**DATA IN THIS EXERCISE:**

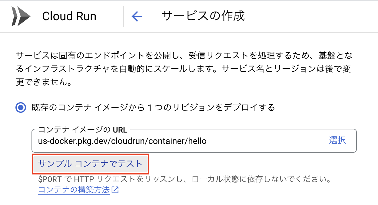 CloudRunにはお試し用のサンプルコンテナが用意されているので、今回はこちらを利用します。
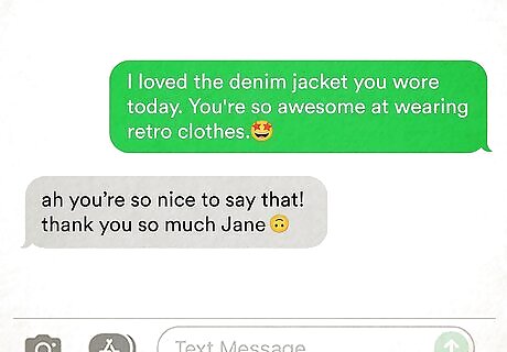 A compliment is a great way to break the ice. You can say something about what they wore or how much you enjoyed talking to them. Compliments are never overrated, and you don't have to see the person face to face to give a meaningful compliment. A small compliment can be a great way to start a conversation and to make the person feel like you really care. As long as you're being genuine and not making the person feel uncomfortable, this is a great way to chat over the phone. Here are some great things you can say to compliment a person over text: "You were amazing in your basketball game yesterday. I was so impressed." "I loved the denim jacket you wore today. You're so awesome at wearing retro clothes." "Thanks for helping me study for the math test last night. You're such a good friend and I couldn't have aced it without you." Keep the compliment short and don't carry on with it for several texts because that's creepy. Reader Poll: We asked 385 wikiHow readers and 56% of them agreed that their favorite type of compliments to receive are ones about their character or personality. [Take Poll] So try something related to who they are on the inside, like “I really admire your ambition” or “You’re so thoughtful.”
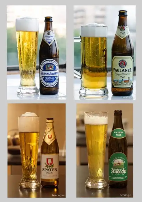 Примеры: Spaten Munchner Hell, Weihenstephaner Original, Hofbrau Original, Paulaner Original Munchner, Kloster Andechs Vollbier Hell и т.д.
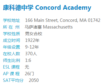 康科德中学Concord Academy成立于1922年。建立之初为女子学校,1971年成为男女合校。康科德高中是一所寄宿、走读的全日制男女合校的着名私立中学,提供1-12年级课程及大学预备课程。学校占地39英亩,优美校园,设备完善。学校PINGJUNSAT:1360,学生日数:382,AP课程:12,并组织了丰富多彩的体育运动及课外活动。学校致力于将学生培养成具有责任感、能用自己的知识为社区做出贡献的良好公民。
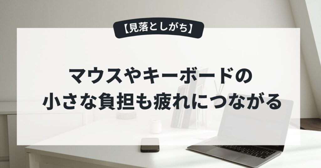 • マウスやキーボードまわりの小さな負担も疲れにつながりやすい
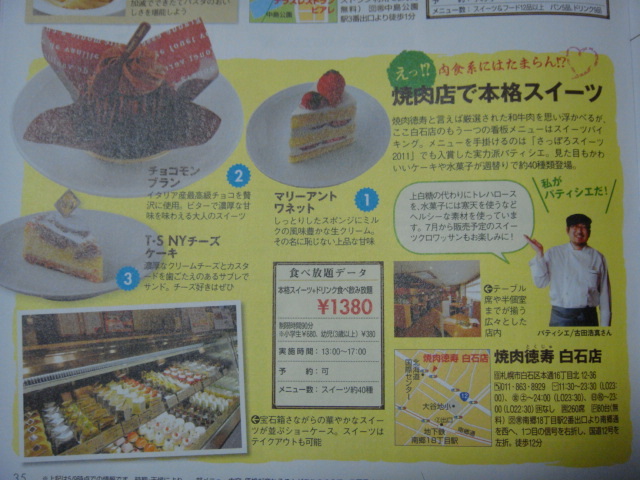 別口オフ・第2弾。 今回は焼肉徳寿で行われてる『スイーツバイキング』です。 注:焼肉店でのバイキング、ですが…焼肉はありませんw (スイーツ&ドリンクのみ) 〜 〜 〜 日時】6月26日(日)PM13:00〜(90分一本勝負) 場所】焼肉徳寿 白石店 札幌市白石区本通16丁目北12-36 ※国道12号線沿い 交)地下鉄東西線・南郷18丁目駅から徒歩12分 料金】 大人:1,380円(スイーツ約40種+ドリンク食べ飲み放題) 子供:小学生 980円、幼児(3歳以上)380円 集合&移動手段】 基本的に現地に12時50
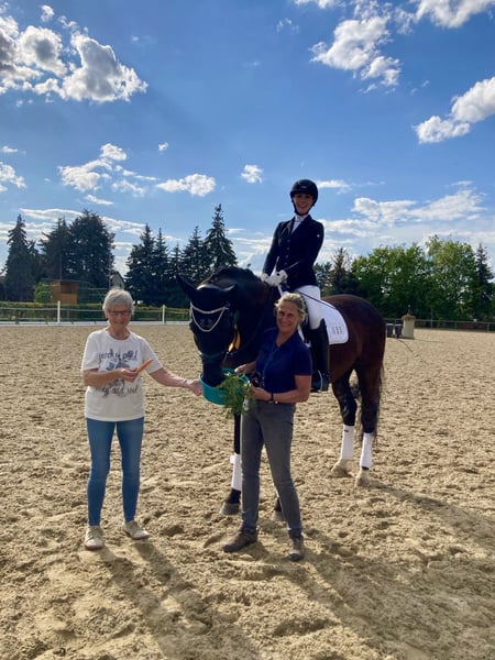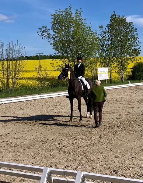 **14- jähriger Rapp- Wallach M* mehrfach siegreich** Ich habe mich schweren Herzens aufgrund von Schwangerschaft für einen Verkauf entschieden. Ich suche daher für meinen Wallach einen neuen Besitzer, der ihn ebenfalls als Familienmitglied ansieht und auch behandelt. Er ist seit 10 Jahren in meinem Besitz und ich habe ihn selbst ausgebildet. Er ist leichtrittig, lektionssicher und brav, hat aber auch viel Freude an kleineren Pacours. Auch als Juniorenpferd oder für Amateure geeignet. Für weitere Fragen gerne PN oder telefonisch. Was ich mir vorstelle: - Lebensstellung, kein Weiterverkauf - am besten Offenstallhaltung oder Paddockbox mit reichlich Auslauf TÜV wurde zuletzt 4 jährig durchgeführt, ohne Befund. Seitdem ist der Wallach in meinem Besitz und es bestand keine Notwendigkeit. Bei Interesse freuen wir uns auf Ihre Kontaktaufnahme, um weitere Details zu besprechen und einen Proberitt zu vereinbaren.
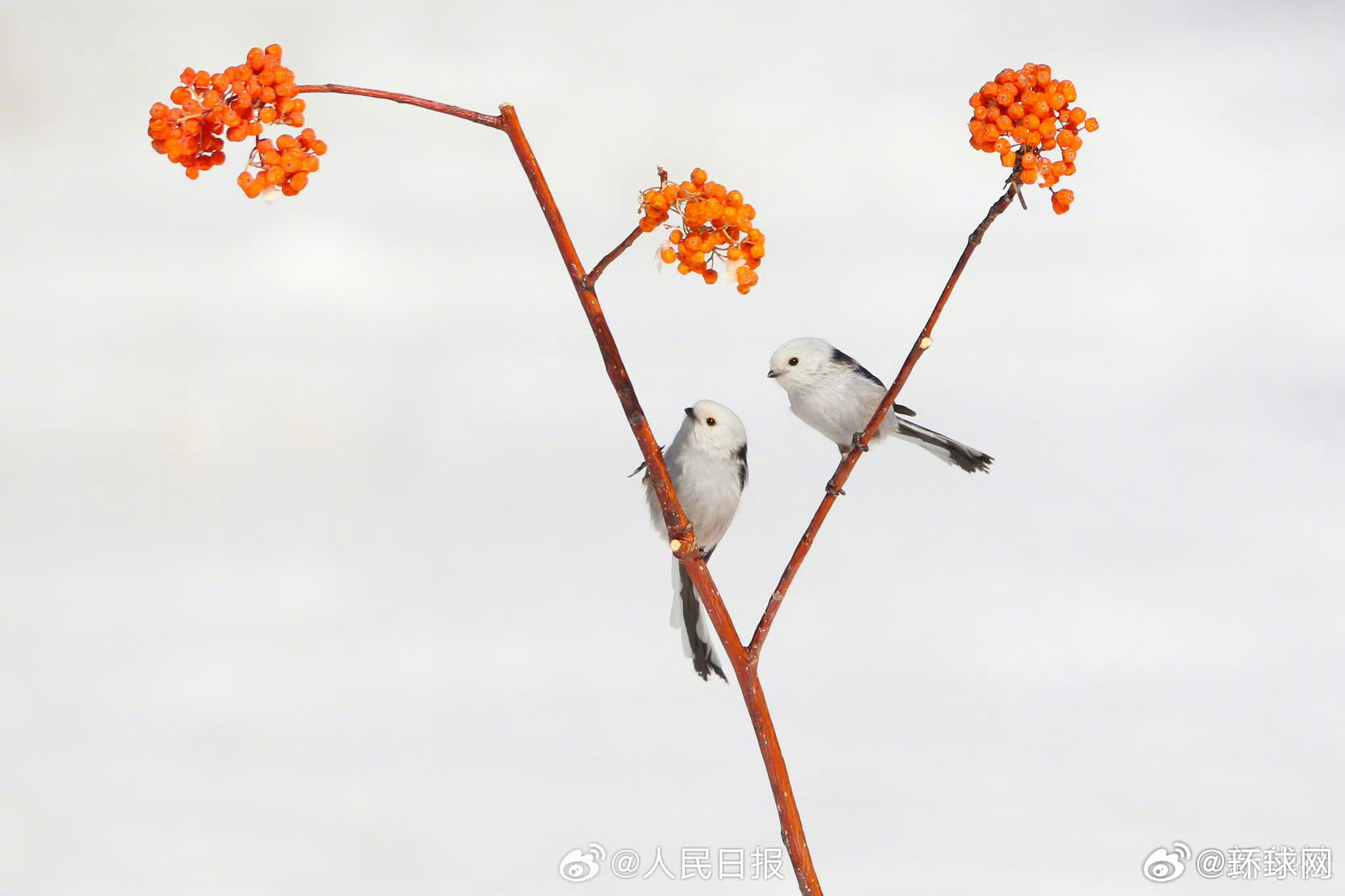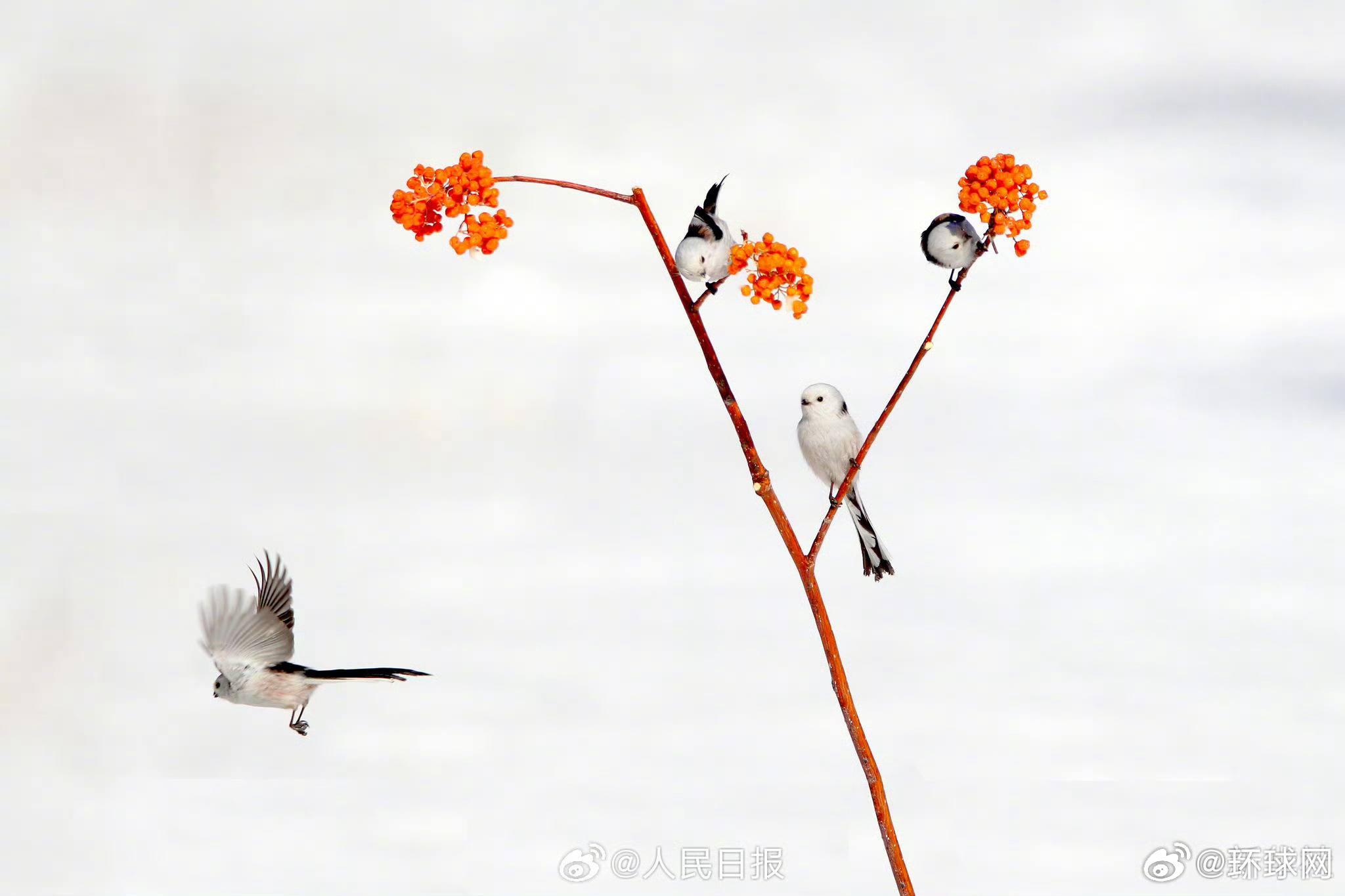 【超可爱!#现实版花鸟图集请查收#】#雪地小鸟嬉戏图好可爱# 近日,黑龙江大庆城市森林公园雪地林间,小鸟在枝头嬉戏,画面灵动可爱。网友:好像是花鸟图照进了现实! (人民日报)

**GOAL OF THE EXERCISE:** Print the data above exactly, minus pictures.

**RESPONSE TO THE EXERCISE:**
 CloudRunにはお試し用のサンプルコンテナが用意されているので、今回はこちらを利用します。
 A compliment is a great way to break the ice. You can say something about what they wore or how much you enjoyed talking to them. Compliments are never overrated, and you don't have to see the person face to face to give a meaningful compliment. A small compliment can be a great way to start a conversation and to make the person feel like you really care. As long as you're being genuine and not making the person feel uncomfortable, this is a great way to chat over the phone. Here are some great things you can say to compliment a person over text: "You were amazing in your basketball game yesterday. I was so impressed." "I loved the denim jacket you wore today. You're so awesome at wearing retro clothes." "Thanks for helping me study for the math test last night. You're such a good friend and I couldn't have aced it without you." Keep the compliment short and don't carry on with it for several texts because that's creepy. Reader Poll: We asked 385 wikiHow readers and 56% of them agreed that their favorite type of compliments to receive are ones about their character or personality. [Take Poll] So try something related to who they are on the inside, like “I really admire your ambition” or “You’re so thoughtful.”
 Примеры: Spaten Munchner Hell, Weihenstephaner Original, Hofbrau Original, Paulaner Original Munchner, Kloster Andechs Vollbier Hell и т.д.
 康科德中学Concord Academy成立于1922年。建立之初为女子学校,1971年成为男女合校。康科德高中是一所寄宿、走读的全日制男女合校的着名私立中学,提供1-12年级课程及大学预备课程。学校占地39英亩,优美校园,设备完善。学校PINGJUNSAT:1360,学生日数:382,AP课程:12,并组织了丰富多彩的体育运动及课外活动。学校致力于将学生培养成具有责任感、能用自己的知识为社区做出贡献的良好公民。
 • マウスやキーボードまわりの小さな負担も疲れにつながりやすい
 別口オフ・第2弾。 今回は焼肉徳寿で行われてる『スイーツバイキング』です。 注:焼肉店でのバイキング、ですが…焼肉はありませんw (スイーツ&ドリンクのみ) 〜 〜 〜 日時】6月26日(日)PM13:00〜(90分一本勝負) 場所】焼肉徳寿 白石店 札幌市白石区本通16丁目北12-36 ※国道12号線沿い 交)地下鉄東西線・南郷18丁目駅から徒歩12分 料金】 大人:1,380円(スイーツ約40種+ドリンク食べ飲み放題) 子供:小学生 980円、幼児(3歳以上)380円 集合&移動手段】 基本的に現地に12時50
 **14- jähriger Rapp- Wallach M* mehrfach siegreich** Ich habe mich schweren Herzens aufgrund von Schwangerschaft für einen Verkauf entschieden. Ich suche daher für meinen Wallach einen neuen Besitzer, der ihn ebenfalls als Familienmitglied ansieht und auch behandelt. Er ist seit 10 Jahren in meinem Besitz und ich habe ihn selbst ausgebildet. Er ist leichtrittig, lektionssicher und brav, hat aber auch viel Freude an kleineren Pacours. Auch als Juniorenpferd oder für Amateure geeignet. Für weitere Fragen gerne PN oder telefonisch. Was ich mir vorstelle: - Lebensstellung, kein Weiterverkauf - am besten Offenstallhaltung oder Paddockbox mit reichlich Auslauf TÜV wurde zuletzt 4 jährig durchgeführt, ohne Befund. Seitdem ist der Wallach in meinem Besitz und es bestand keine Notwendigkeit. Bei Interesse freuen wir uns auf Ihre Kontaktaufnahme, um weitere Details zu besprechen und einen Proberitt zu vereinbaren.
 【超可爱!#现实版花鸟图集请查收#】#雪地小鸟嬉戏图好可爱# 近日,黑龙江大庆城市森林公园雪地林间,小鸟在枝头嬉戏,画面灵动可爱。网友:好像是花鸟图照进了现实! (人民日报)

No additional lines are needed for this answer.